China Struggles to Change Entrance Exams That Reward the Wealthy

The biggest overhaul to the gaokao system in decades is not going as planned

Students at a classroom in China’s Anhui province study on the first day of the National College Entrance Examination, known as the gaokao, on July 7.

Students at a classroom in China’s Anhui province study on the first day of the National College Entrance Examination, known as the gaokao, on July 7.

Photographer: Zhang Yazi/China News Service/Getty Images

Here’s a tough one: Is the gaokao — China’s notoriously grueling, dayslong college entrance exam — a fair way to funnel the country’s brightest students to its top universities?

Unlike the questions on the test itself, there’s no right answer. Officially, China has unwavering faith in the exam, the single most important component of college admissions since the founding of the People’s Republic. Under the gaokao system, anyone with high-enough scores can theoretically enroll at elite universities such as Tsinghua, Peking or Fudan, a first step toward upward mobility.

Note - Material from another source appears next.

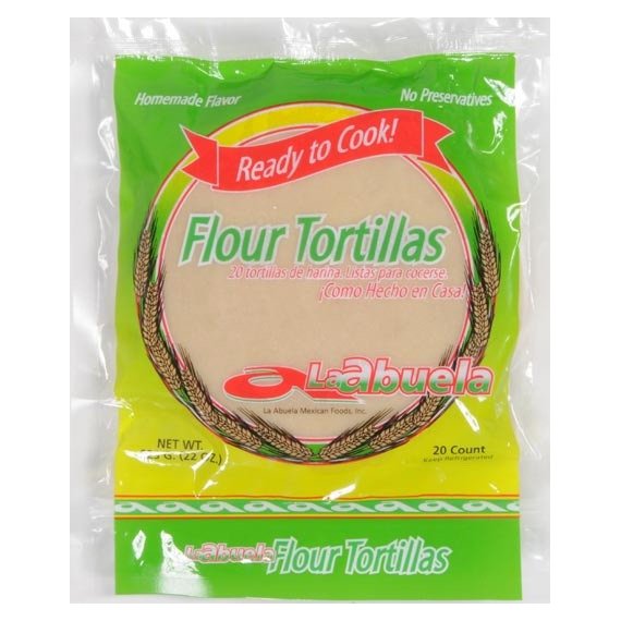 Details Ingredients ENRICHED BLEACHED FLOUR (WHEAT FLOUR, NIACIN, REDUCED IRON, THIAMINE MONONITRATE, RIBOFLAVIN, FOLIC ACID), SHORTENING (MEAT FATS, VEGETABLES OILS, BHA, PROPYL GALLATE, CITRIC ACID, DIMETHYLPOLYSILOXANE), WATER, SALT, DOUGH CONDITIONER (WHEY [MILK], L-CYSTEINE), BAKING POWDER (CORN STARCH, BICARBONATE OF SODA, SODIUM ALUMINIUM SULFATE, CALCIUM ACID PHOSPHATE). Show more Product features from A Traditional Mexican Recipe: When The Founder of La Abuela Mexican Foods, Inc. Came to The United States, She Brought W/Her A Treasured Family Recipe For Flour Tortillas. At La Abuela, We Are Dedicated to Following That Family Recipe Exactly. No Chemical Preservatives, No Dough Conditioners, No Enhancers Are Used In Preparing La Abuela Flour Tortillas. The Result Is The Delicious Flavor of A Homemade Tortilla Cooked In A Traditional Mexican Home. In Mexico, Tradition Says If Your Tortillas Puff When You Cook Them Then Your Mother In Law Loves You. When You Cook La Abuela Flour Tortillas, Your Whole Family Will Love You. Just Follow These Simple Instructions. Net Quantity of Content 20 X 31 g

Unofficially, however, the system is aging poorly. The gaokao is increasingly seen less as a gateway to opportunity and more as a barrier, largely due to a rapidly growing student population and a widening disparity between top schools and all the rest. What’s more, the government’s most recent efforts to make the test more fair and less stressful have been as divisive as the problems they’re attempting to fix.

A record 10.7 million students took the test this year, and while the Ministry of Education doesn’t release nationwide admissions statistics, roughly 1% got into one of China’s top 20 schools, according to Bloomberg calculations. Going by history, a disproportionate share will have come from the country’s wealthiest cities. Of the more than 3,400 new undergraduates last year at Tsinghua University — the gold standard — less than one-fifth came from rural or less developed areas.

That poor, rural students are at a disadvantage to their wealthy, urban counterparts is a criticism of standardized tests everywhere. But the gap between China’s top institutions and second- and third-choice options is particularly vast. As part of a national push to establish globally competitive universities, the government has poured resources into already established schools. Meanwhile, the new institutions designed to absorb the rest don’t offer the alumni networks or name-recognition that could give grads a boost in the job market.